第6条 事業に従事する者は、事業の利用者及びその者が属する世帯のプライバシーの尊重に万全を期すとともに、その業務に関し知り得た人の秘密を漏らしてはならない。

2 事業に従事する者は、事業の果たすべき役割の重要性に鑑み、各種研修会への参加や他の職種との交流等あらゆる機会をとらえ、相談支援技術の向上を図るための自己研鑽に努めるものとする。

(事業実施上の留意事項)

第7条 受託者は、事業の趣旨を踏まえ、職員の勤務時間を調整する等、夜間、休日等利用度の高いと考えられる時間帯に対応できる運営体制を整えるものとする。

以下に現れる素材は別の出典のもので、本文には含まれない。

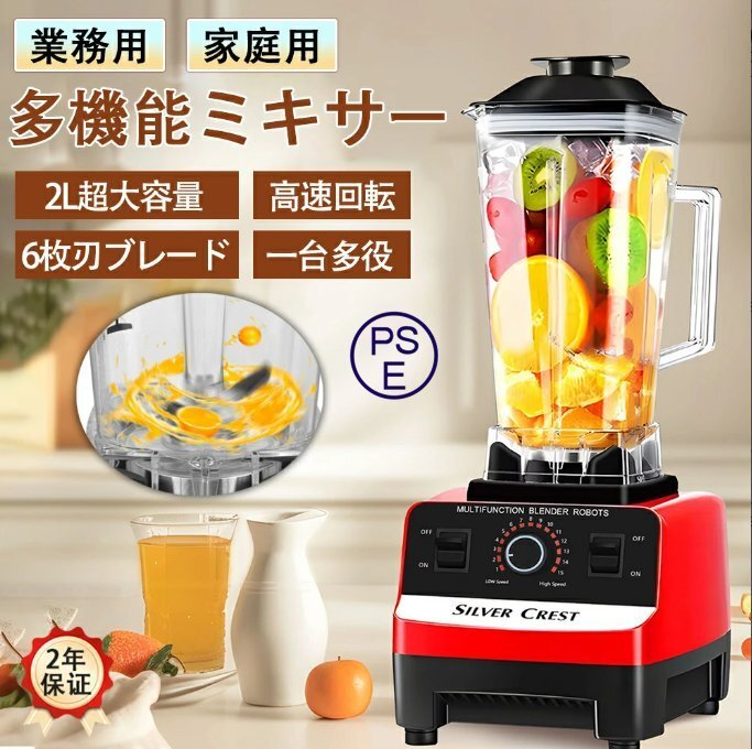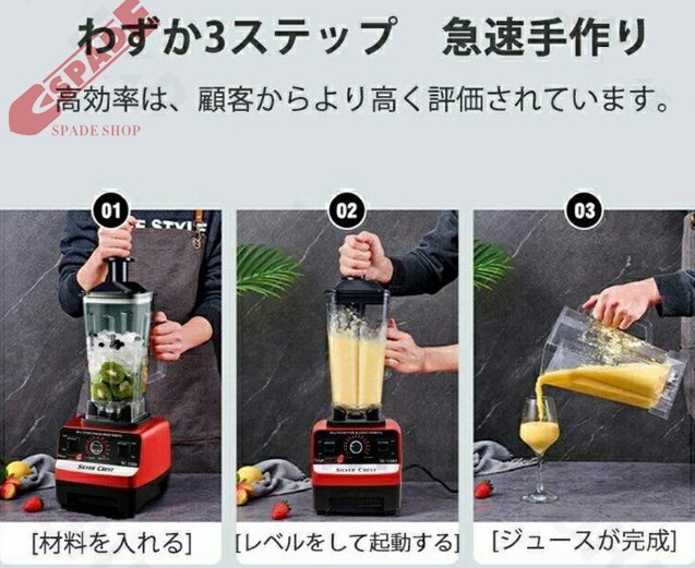 | 商品名:ミキサー/ジューサー 型号:SC-1589 容量:2000ml 電圧:100V-120V パワー:1800W 回転速度:29000r/min 高速回転 定格周波数:50HZ/60HZ カップの耐熱温度:-40~120℃ 対象人数:3~5人 サイズ:W190xD220xH440mm(コンテナセット時) 重量:4.2kg 保護装置 電流過負荷保護、モータ過熱保護。 素材:本体:ABS樹脂 / コンテナ:コポリエステル樹脂 / ブレード:ステンレス 2L ブレンダー 業務用ミキサー 家庭用 1800W ハイパワーブレンダー 1800Wのハイパワーで回転数も高く、数十秒でなめらかに仕上がります。軽くて丈夫なトライタン素材のジャーなので、扱うときの負担も軽減してくれました。 今までは苦手とされてきた固い氷を砕くことのできる強力なパワーを備えたものや様々な機能が追加されたタイプであり、 普段摂りづらい果物・野菜の不溶性食物繊維も含めて、繊維質をたっぷり摂取できます。 また腹持ちのいいジュースが作れるので、ダイエット中の方や腸内環境を改善したい方におすすめです。 安全性が高い ベースに滑り止めマットと振動軽減マットが付いていますので機械が安定していて、横転落の発生を有効に防止できます |

2 受託者は、相談受付票を備えて、継続的支援の実施を図るものとする。

3 受託者は、事業に係る経理と他の事業に係る経理とを明確に区分するものとする。

(報告等)

第8条 町長は、受託者に対し、相談内容、生活支援の状況等について、年1回以上定期的な事業の実施状況の報告を求めるとともに、必要に応じて、実施状況の調査を行うことができる。

(委託の取消し)

第9条 町長は、前項の調査の結果、事業の機能が十分果たすことができないと認められるときは、協議会の意見を聴いた上で、第3条の規定による事業の委託を取り消すことができる。

(その他)

第10条 この告示に定めるもののほか、事業の実施に関し必要な事項は、協議会の意見を聴いた上で、町長が別に定める。

附 則

この告示は、平成18年10月1日から施行する。

附 則(平成25年4月1日告示第15号)

この告示は、公布の日から施行する。